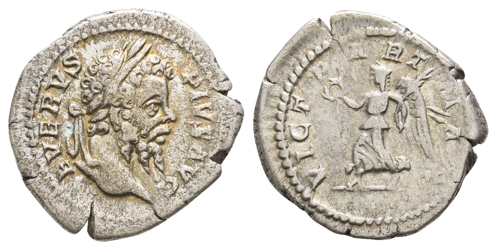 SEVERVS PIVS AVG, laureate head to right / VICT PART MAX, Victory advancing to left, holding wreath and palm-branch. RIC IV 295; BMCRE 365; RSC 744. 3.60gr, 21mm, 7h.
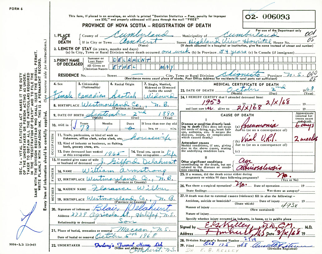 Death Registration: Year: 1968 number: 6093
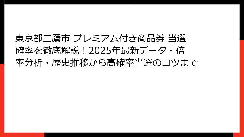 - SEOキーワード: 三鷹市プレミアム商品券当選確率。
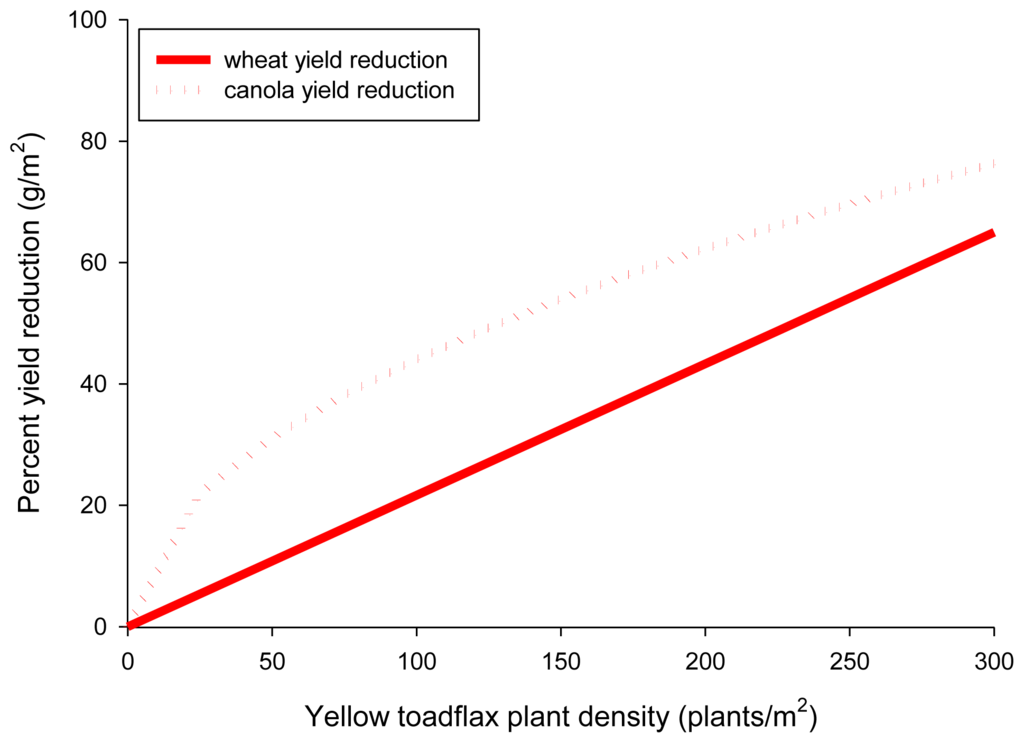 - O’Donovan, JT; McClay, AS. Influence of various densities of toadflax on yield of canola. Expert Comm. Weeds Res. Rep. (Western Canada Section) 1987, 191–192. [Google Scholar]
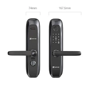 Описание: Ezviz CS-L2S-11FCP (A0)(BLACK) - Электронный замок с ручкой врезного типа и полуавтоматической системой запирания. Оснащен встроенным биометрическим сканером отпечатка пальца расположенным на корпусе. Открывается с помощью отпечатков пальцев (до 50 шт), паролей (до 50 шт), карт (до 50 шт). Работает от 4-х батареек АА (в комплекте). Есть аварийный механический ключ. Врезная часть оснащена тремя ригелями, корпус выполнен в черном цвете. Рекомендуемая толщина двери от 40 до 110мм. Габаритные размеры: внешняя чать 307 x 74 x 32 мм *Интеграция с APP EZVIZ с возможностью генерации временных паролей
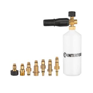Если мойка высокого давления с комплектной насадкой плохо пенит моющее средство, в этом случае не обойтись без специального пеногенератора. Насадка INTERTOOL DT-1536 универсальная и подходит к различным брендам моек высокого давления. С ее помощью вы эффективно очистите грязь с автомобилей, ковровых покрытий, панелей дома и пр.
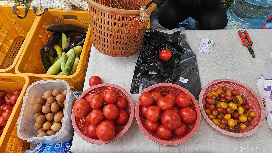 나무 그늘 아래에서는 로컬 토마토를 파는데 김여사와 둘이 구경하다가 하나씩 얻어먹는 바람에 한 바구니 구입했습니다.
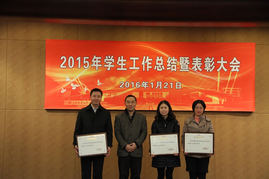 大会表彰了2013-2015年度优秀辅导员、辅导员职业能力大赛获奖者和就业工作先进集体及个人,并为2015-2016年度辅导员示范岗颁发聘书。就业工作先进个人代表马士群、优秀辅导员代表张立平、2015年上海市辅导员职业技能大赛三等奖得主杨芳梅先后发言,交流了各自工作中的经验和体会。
****************************************
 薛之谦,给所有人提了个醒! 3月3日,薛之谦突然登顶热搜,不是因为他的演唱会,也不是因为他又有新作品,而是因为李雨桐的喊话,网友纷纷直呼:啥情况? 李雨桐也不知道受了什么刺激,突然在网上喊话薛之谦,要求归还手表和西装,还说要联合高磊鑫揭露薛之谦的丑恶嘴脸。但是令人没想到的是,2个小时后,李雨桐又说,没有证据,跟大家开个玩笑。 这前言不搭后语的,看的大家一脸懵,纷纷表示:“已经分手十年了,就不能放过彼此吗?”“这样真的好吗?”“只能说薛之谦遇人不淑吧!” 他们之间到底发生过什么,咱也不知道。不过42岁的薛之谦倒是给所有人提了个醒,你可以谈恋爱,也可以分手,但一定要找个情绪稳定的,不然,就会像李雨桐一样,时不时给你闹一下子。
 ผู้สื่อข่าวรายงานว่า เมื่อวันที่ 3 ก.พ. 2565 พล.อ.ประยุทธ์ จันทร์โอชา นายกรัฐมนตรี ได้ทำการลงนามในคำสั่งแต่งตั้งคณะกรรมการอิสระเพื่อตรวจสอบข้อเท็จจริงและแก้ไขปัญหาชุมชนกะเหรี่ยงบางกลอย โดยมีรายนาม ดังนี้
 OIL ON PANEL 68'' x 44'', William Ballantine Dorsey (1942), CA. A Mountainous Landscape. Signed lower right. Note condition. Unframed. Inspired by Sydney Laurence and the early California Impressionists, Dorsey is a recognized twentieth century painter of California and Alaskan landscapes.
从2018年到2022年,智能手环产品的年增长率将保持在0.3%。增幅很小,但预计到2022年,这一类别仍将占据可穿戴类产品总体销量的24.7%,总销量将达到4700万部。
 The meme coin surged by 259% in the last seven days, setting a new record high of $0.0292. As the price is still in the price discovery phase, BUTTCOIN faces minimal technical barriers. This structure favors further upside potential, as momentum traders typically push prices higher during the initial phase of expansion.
****************************************
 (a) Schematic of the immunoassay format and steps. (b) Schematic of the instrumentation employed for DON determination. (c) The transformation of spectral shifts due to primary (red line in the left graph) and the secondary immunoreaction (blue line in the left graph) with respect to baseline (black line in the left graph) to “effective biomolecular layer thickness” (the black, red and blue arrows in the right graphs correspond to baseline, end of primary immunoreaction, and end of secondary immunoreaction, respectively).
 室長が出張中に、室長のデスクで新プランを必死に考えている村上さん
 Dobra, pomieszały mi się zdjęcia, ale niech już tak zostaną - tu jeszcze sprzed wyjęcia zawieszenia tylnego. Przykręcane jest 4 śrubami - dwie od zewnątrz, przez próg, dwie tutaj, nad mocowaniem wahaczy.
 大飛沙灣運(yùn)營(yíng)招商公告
****************************************
**Problem statement**
Your copy should hold only the lines above from the one containing "SEVERVS PIVS AVG, laureate" through the one containing "大会表彰了2013-2015", exactly as written and free of pictures.

**Problem solution**
 SEVERVS PIVS AVG, laureate head to right / VICT PART MAX, Victory advancing to left, holding wreath and palm-branch. RIC IV 295; BMCRE 365; RSC 744. 3.60gr, 21mm, 7h.
 Death Registration: Year: 1968 number: 6093
 - SEOキーワード: 三鷹市プレミアム商品券当選確率。
 - O’Donovan, JT; McClay, AS. Influence of various densities of toadflax on yield of canola. Expert Comm. Weeds Res. Rep. (Western Canada Section) 1987, 191–192. [Google Scholar]
 Описание: Ezviz CS-L2S-11FCP (A0)(BLACK) - Электронный замок с ручкой врезного типа и полуавтоматической системой запирания. Оснащен встроенным биометрическим сканером отпечатка пальца расположенным на корпусе. Открывается с помощью отпечатков пальцев (до 50 шт), паролей (до 50 шт), карт (до 50 шт). Работает от 4-х батареек АА (в комплекте). Есть аварийный механический ключ. Врезная часть оснащена тремя ригелями, корпус выполнен в черном цвете. Рекомендуемая толщина двери от 40 до 110мм. Габаритные размеры: внешняя чать 307 x 74 x 32 мм *Интеграция с APP EZVIZ с возможностью генерации временных паролей
Если мойка высокого давления с комплектной насадкой плохо пенит моющее средство, в этом случае не обойтись без специального пеногенератора. Насадка INTERTOOL DT-1536 универсальная и подходит к различным брендам моек высокого давления. С ее помощью вы эффективно очистите грязь с автомобилей, ковровых покрытий, панелей дома и пр.
 나무 그늘 아래에서는 로컬 토마토를 파는데 김여사와 둘이 구경하다가 하나씩 얻어먹는 바람에 한 바구니 구입했습니다.
 大会表彰了2013-2015年度优秀辅导员、辅导员职业能力大赛获奖者和就业工作先进集体及个人,并为2015-2016年度辅导员示范岗颁发聘书。就业工作先进个人代表马士群、优秀辅导员代表张立平、2015年上海市辅导员职业技能大赛三等奖得主杨芳梅先后发言,交流了各自工作中的经验和体会。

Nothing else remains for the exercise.